The table above is very dense with information. We can subset the aggregated data to pull out details of interest. For example, the following table organizes the top 10 states by mean Growth Rate
#sort by a feature to rearrange the data
inc_state %>%
select( State, mean_Growth ) %>%
arrange( desc( mean_Growth ) ) %>%
top_n(10) %>%
kbl() %>%
kable_classic(bootstrap_options = "striped",full_width = F)

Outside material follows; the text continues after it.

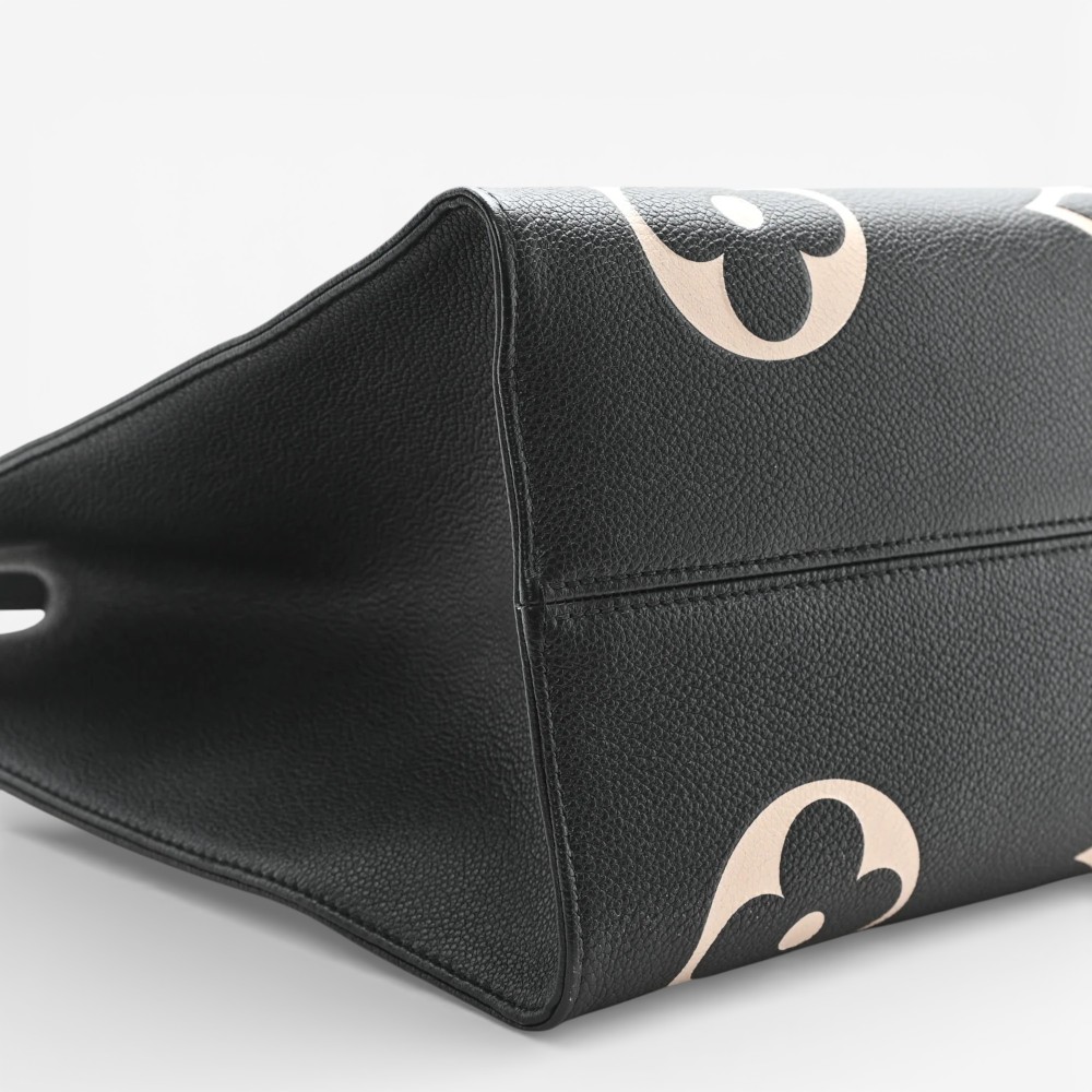 The Louis Vuitton Empreinte Monogram Giant Onthego GM Black Beige features bold embossed Monogram Giant leather in classic black and beige hues for standout luxury style. Designed with leather top handles and long shoulder straps for versatile, comfortable carry options. This luxury designer tote bag offers a roomy interior ideal for daily essentials with refined sophistication. A chic Louis Vuitton tote bag perfect for everyday use or elevated casual outfits.

## Selecting by mean_Growth
| State | mean_Growth |
|---|---|
| WY | 19.145000 |
| ME | 16.210000 |
| RI | 16.031250 |
| DC | 8.298139 |
| HI | 6.792857 |
| UT | 6.307790 |
| SC | 6.060625 |
| TX | 6.024186 |
| CA | 5.897489 |
| FL | 5.846099 |
Industry-Level Data Industry is another interesting categorical variable organize the data by. The following lists the unique Industry categories:
unique( inc$Industry )
## [1] "Consumer Products & Services" "Government Services"
## [3] "Health" "Energy"
## [5] "Advertising & Marketing" "Real Estate"
## [7] "Financial Services" "Retail"
## [9] "Software" "Computer Hardware"
## [11] "Logistics & Transportation" "Food & Beverage"
## [13] "IT Services" "Business Products & Services"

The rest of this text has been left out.